## [ASSIGNMENT]
Set the data down again, exactly as it reads, but without the pictures.

## [DATA SECTION]
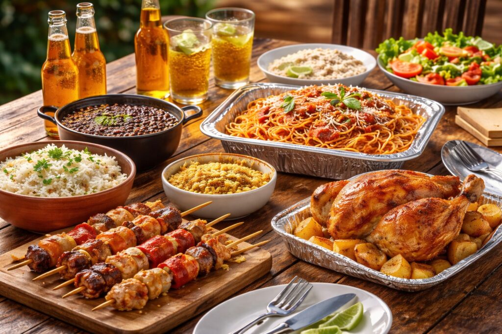 O frango de padaria continua sendo símbolo de domingo prático e familiar. A macarronada, muitas vezes servida com carne moída ou frango desfiado, segue como ritual de reunião. O arroz com feijão permanece absoluto. E o churrasco, seja na varanda, no quintal ou na laje, mantém seu espaço como celebração informal.
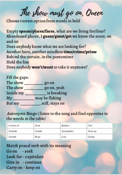 Задания по 6 песням позволяют расширить словарный запас и улучшить навыки аудирования, а также разнообразить задания для студентов. Задания можно использовать в онлайн режиме через Google Classroom, а также провести небольшой марафон.
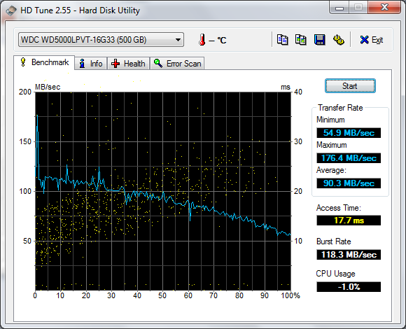 由于操作系统是西数的硬盘,我们使用HDTune的一个适当的基准,以评估存储设备的速度。平均传输速率被证明是一个更好的结果实现了由传统的硬盘驱动器。随着平均值90.3 MB/ s时,大量的数据处理愉快快(和4%的速度比在IdeaPad U310 - 开本13的SSD工作快两倍)。提升SSD可能有助于176.4 MB/ s的最大速率是有限的,但其专业领域的阅读和写作小文件(这就是为什么它被使用,例如,在启动笔记本电脑时)。
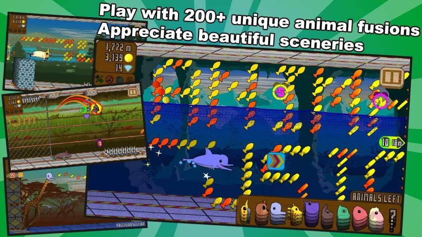 ★ Animal Fusion is a unique endless runner where you play as an animal that is always anxiously looking towards the next animal fusion it will become. So do not let the next bodypart fly away from you and be sure to collect it as quick as possible!

## [ANSWER SECTION]
 O frango de padaria continua sendo símbolo de domingo prático e familiar. A macarronada, muitas vezes servida com carne moída ou frango desfiado, segue como ritual de reunião. O arroz com feijão permanece absoluto. E o churrasco, seja na varanda, no quintal ou na laje, mantém seu espaço como celebração informal.
 Задания по 6 песням позволяют расширить словарный запас и улучшить навыки аудирования, а также разнообразить задания для студентов. Задания можно использовать в онлайн режиме через Google Classroom, а также провести небольшой марафон.
 由于操作系统是西数的硬盘,我们使用HDTune的一个适当的基准,以评估存储设备的速度。平均传输速率被证明是一个更好的结果实现了由传统的硬盘驱动器。随着平均值90.3 MB/ s时,大量的数据处理愉快快(和4%的速度比在IdeaPad U310 - 开本13的SSD工作快两倍)。提升SSD可能有助于176.4 MB/ s的最大速率是有限的,但其专业领域的阅读和写作小文件(这就是为什么它被使用,例如,在启动笔记本电脑时)。
 ★ Animal Fusion is a unique endless runner where you play as an animal that is always anxiously looking towards the next animal fusion it will become. So do not let the next bodypart fly away from you and be sure to collect it as quick as possible!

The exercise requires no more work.